Data entries
++++++

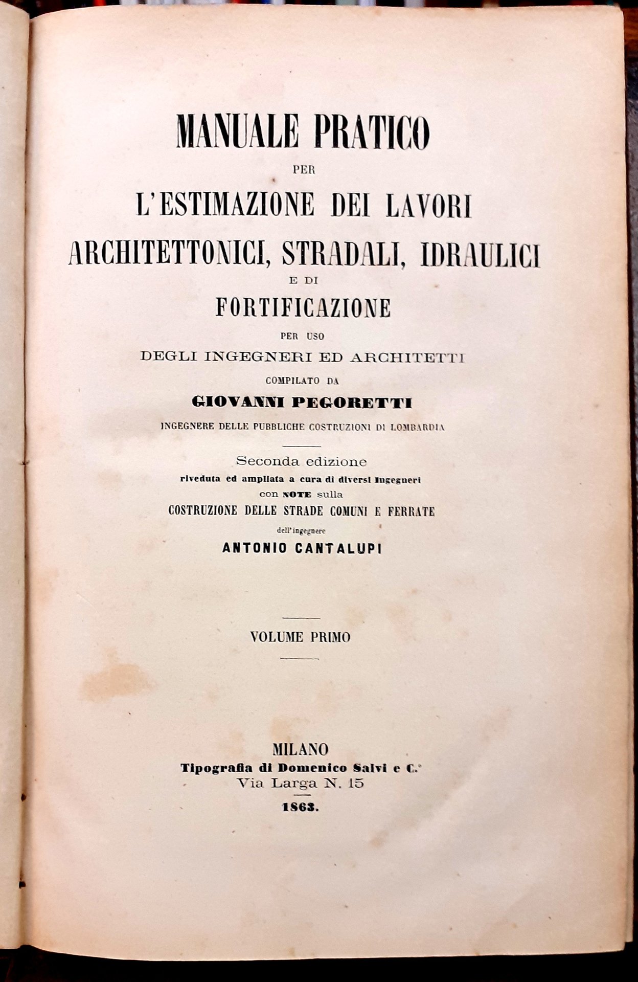 MANUALE PRATICO PER L'ESTIMAZIONE DEI LAVORI ARCHITETTONICI, STRADALI, IDRAULICI E DI FORTIFICAZIONE PER USO DEGLI INGEGNERI ED ARCHITETTI, compilato da GIOVANNI PEGORETTI INGEGNERE DELLE PUBBLICHE COSTRUZIONI IN LOMBARDIA. Seconda edizione. riveduta ed ampliata a cura di diversi ingegneri / con note sulla costruzione delle strade comuni e ferrate di Antonio Cantalupi.
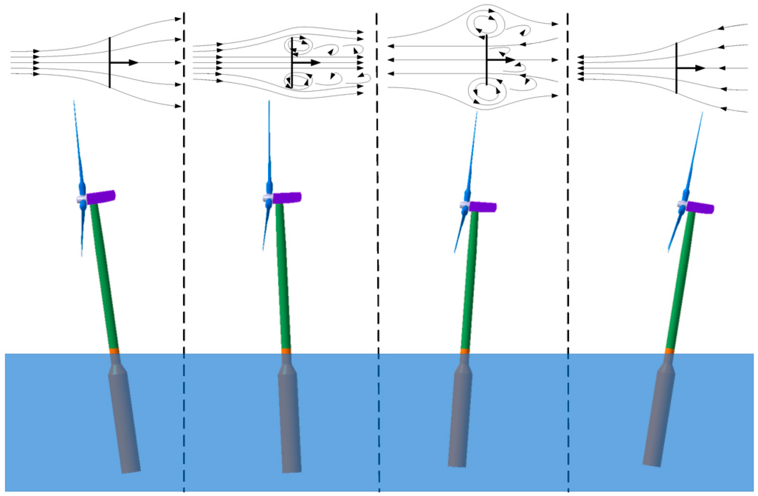 | BEM | Combines blade element theory with momentum theory | Routine design and loads assessment | High computational efficiency; suitable for optimization | Relies on empirical corrections; struggles with highly unsteady conditions during large platform motions |
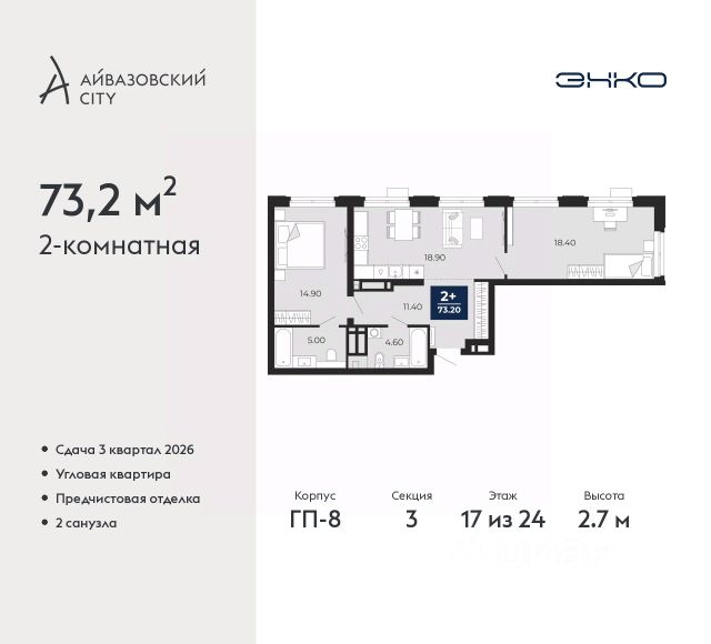 Дом монолитный, черырехподъездный, переменной этажности, от 7 до 9 этажей. Квартира находится в 1-й секции высотой 7 этажей в корпусе ГП-5. На этаже 9 квартир. В подъезде 1 грузовой лифт. Окончание строительства - 4 квартал 2025 года. Оформление сделки по договору долевого участия.
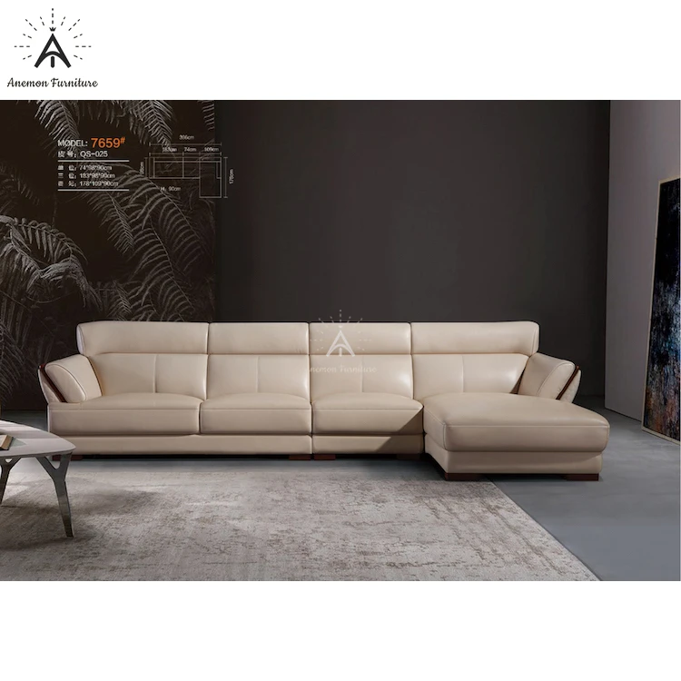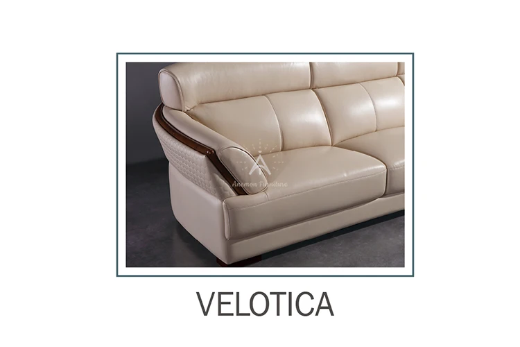 Contemporary Genuine Leather L Shaped Sofa Set with Oak Wood Armrest for Living Room (BK7659)
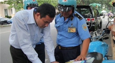 Thanh tra giao thông TP.HCM đang lập biên bản một "đối tác" của Uber.
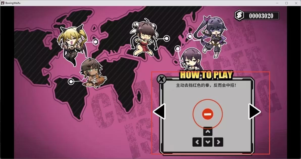 1、进入女拳主义手游的游戏地图,点击角色,触发HOW TO PLAY教学,学习红色拳应对,不主动格挡,规避中招风险。
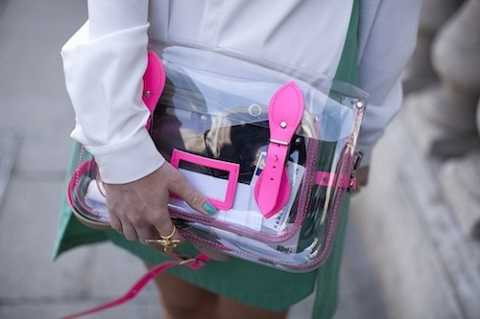 Xu hướng xuyên thấu quả là có một sức mạnh đáng nể khi công phá mọi "mặt trận" trong lãnh địa thời trang. Không chỉ làm mưa làm gió với váy áo, kiểu mốt này còn đặc biệt được yêu thích trong thiết kế túi xách. Túi xách nhựa trong xinh xắn vừa nhẹ vừa có cảm giác mềm mại rất hợp với những cô nàng yểu điệu thục nữ.
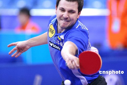 12月15日,2007年國際乒聯(lián)職業(yè)巡回賽總決賽男子單打1/4決賽在北京大學(xué)體育館進行。在東道主選手馬琳與德國悍將波爾的較量中,馬琳歷經(jīng)六局苦戰(zhàn),最終4-2力克波爾。中新社發(fā) 富田 攝
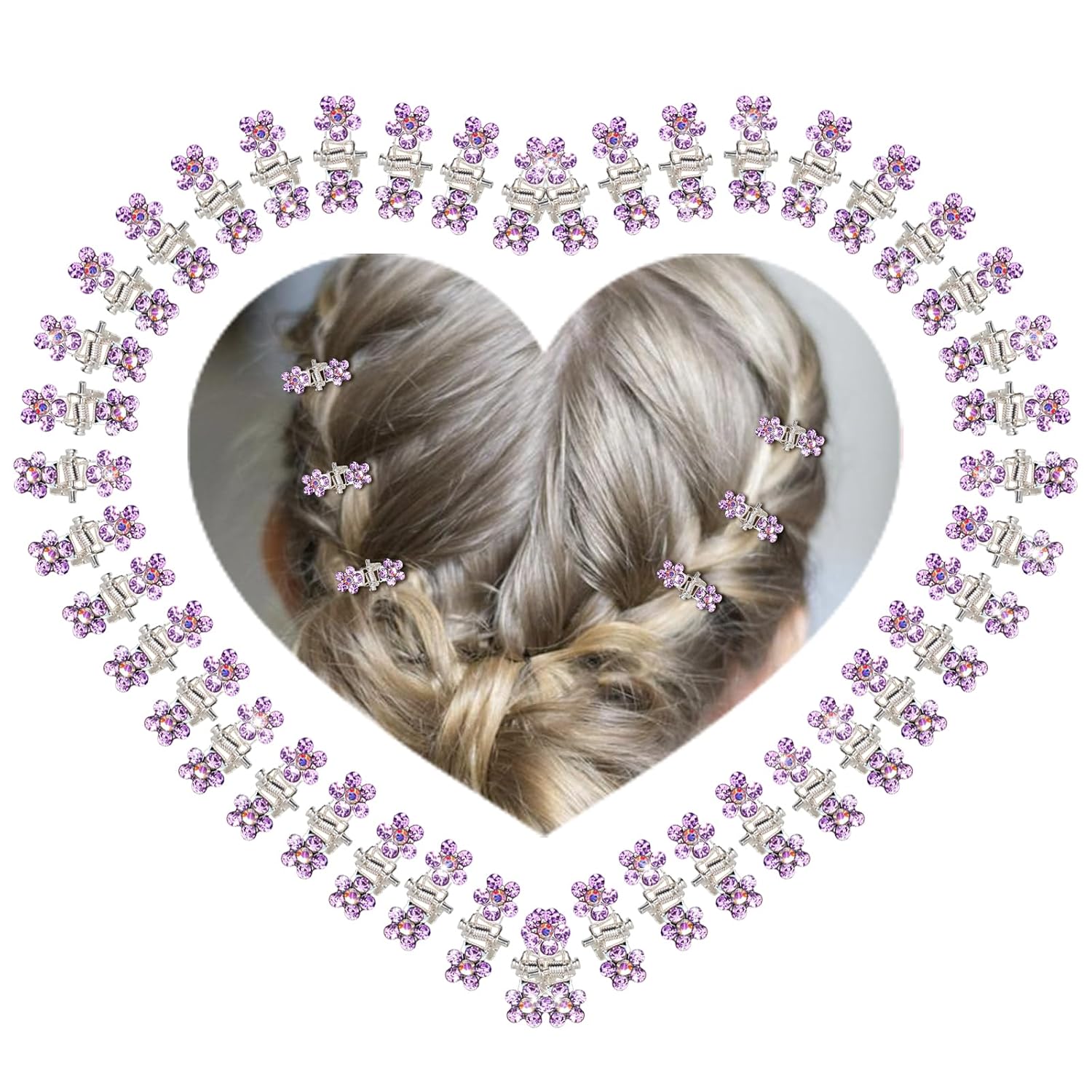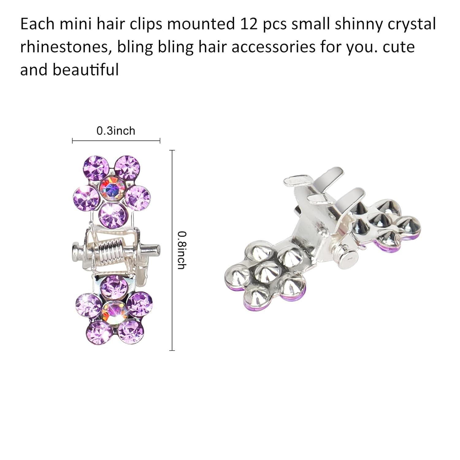 65PCS Mini Purple Flower Hair Clips with Rhinestone Mini Glitter Teeth Rhinestone Flower Hair Accessories No-Slip Grip Metal Jaw Clamps for Girls Women (Silver-Purple Crystal)
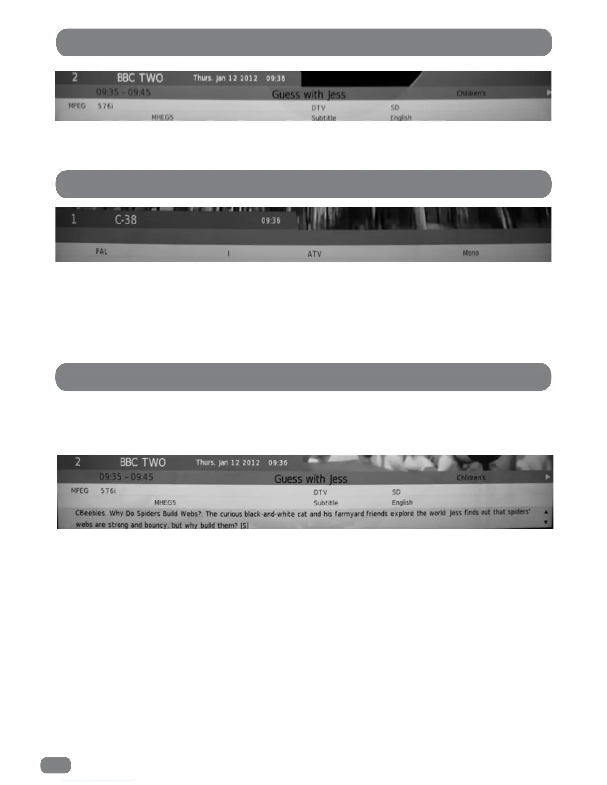 More detailed information about the current programme can be seen at any time by pressing the INFO button.
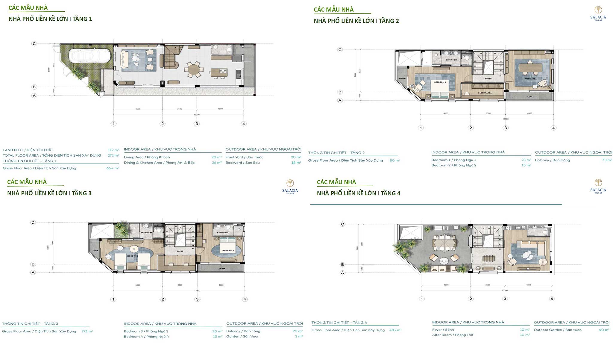 Thiết kế: 4 tầng, tổng diện tích sàn ~272 – 298 m².
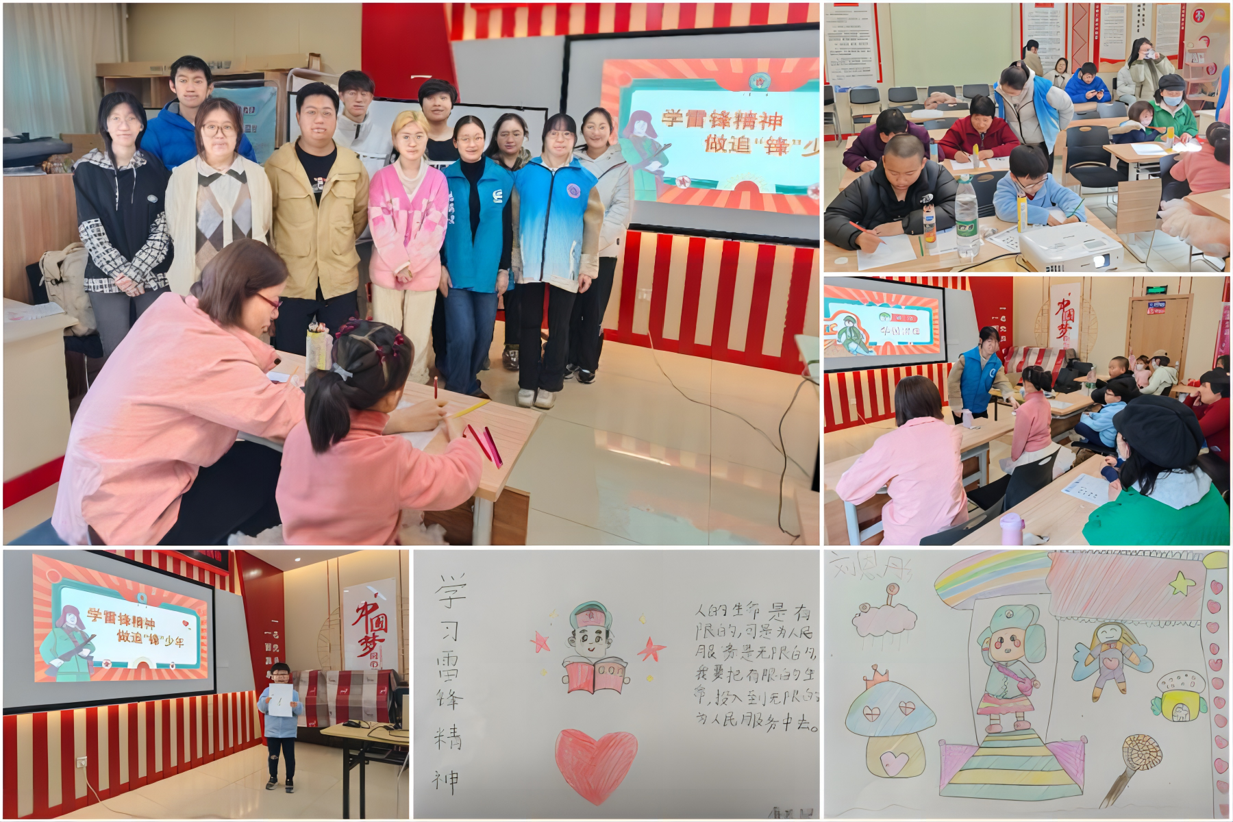 最后潘瑞凝同学组织小朋友开展“学习雷锋精神”,“画心中的雷锋”互动活动,鼓励现场的小朋友和家长们一起画出自己心目中的“雷锋”形象。小朋友们展现了他们的奇思妙想,志愿者们适时下场给予帮助和指导,现场一片欢声笑语,气氛融洽。

++++++

- Aim of the exercise -
Take the line that holds "platform motions |" as the start and the last line of the data as the end. Copy only those lines exactly, both ends included, except the pictures.

- Result for this exercise -
 | BEM | Combines blade element theory with momentum theory | Routine design and loads assessment | High computational efficiency; suitable for optimization | Relies on empirical corrections; struggles with highly unsteady conditions during large platform motions |
 Дом монолитный, черырехподъездный, переменной этажности, от 7 до 9 этажей. Квартира находится в 1-й секции высотой 7 этажей в корпусе ГП-5. На этаже 9 квартир. В подъезде 1 грузовой лифт. Окончание строительства - 4 квартал 2025 года. Оформление сделки по договору долевого участия.
 Contemporary Genuine Leather L Shaped Sofa Set with Oak Wood Armrest for Living Room (BK7659)
 Thanh tra giao thông TP.HCM đang lập biên bản một "đối tác" của Uber.
 1、进入女拳主义手游的游戏地图,点击角色,触发HOW TO PLAY教学,学习红色拳应对,不主动格挡,规避中招风险。
 Xu hướng xuyên thấu quả là có một sức mạnh đáng nể khi công phá mọi "mặt trận" trong lãnh địa thời trang. Không chỉ làm mưa làm gió với váy áo, kiểu mốt này còn đặc biệt được yêu thích trong thiết kế túi xách. Túi xách nhựa trong xinh xắn vừa nhẹ vừa có cảm giác mềm mại rất hợp với những cô nàng yểu điệu thục nữ.
 12月15日,2007年國際乒聯(lián)職業(yè)巡回賽總決賽男子單打1/4決賽在北京大學(xué)體育館進行。在東道主選手馬琳與德國悍將波爾的較量中,馬琳歷經(jīng)六局苦戰(zhàn),最終4-2力克波爾。中新社發(fā) 富田 攝
 65PCS Mini Purple Flower Hair Clips with Rhinestone Mini Glitter Teeth Rhinestone Flower Hair Accessories No-Slip Grip Metal Jaw Clamps for Girls Women (Silver-Purple Crystal)
 More detailed information about the current programme can be seen at any time by pressing the INFO button.
 Thiết kế: 4 tầng, tổng diện tích sàn ~272 – 298 m².
 最后潘瑞凝同学组织小朋友开展“学习雷锋精神”,“画心中的雷锋”互动活动,鼓励现场的小朋友和家长们一起画出自己心目中的“雷锋”形象。小朋友们展现了他们的奇思妙想,志愿者们适时下场给予帮助和指导,现场一片欢声笑语,气氛融洽。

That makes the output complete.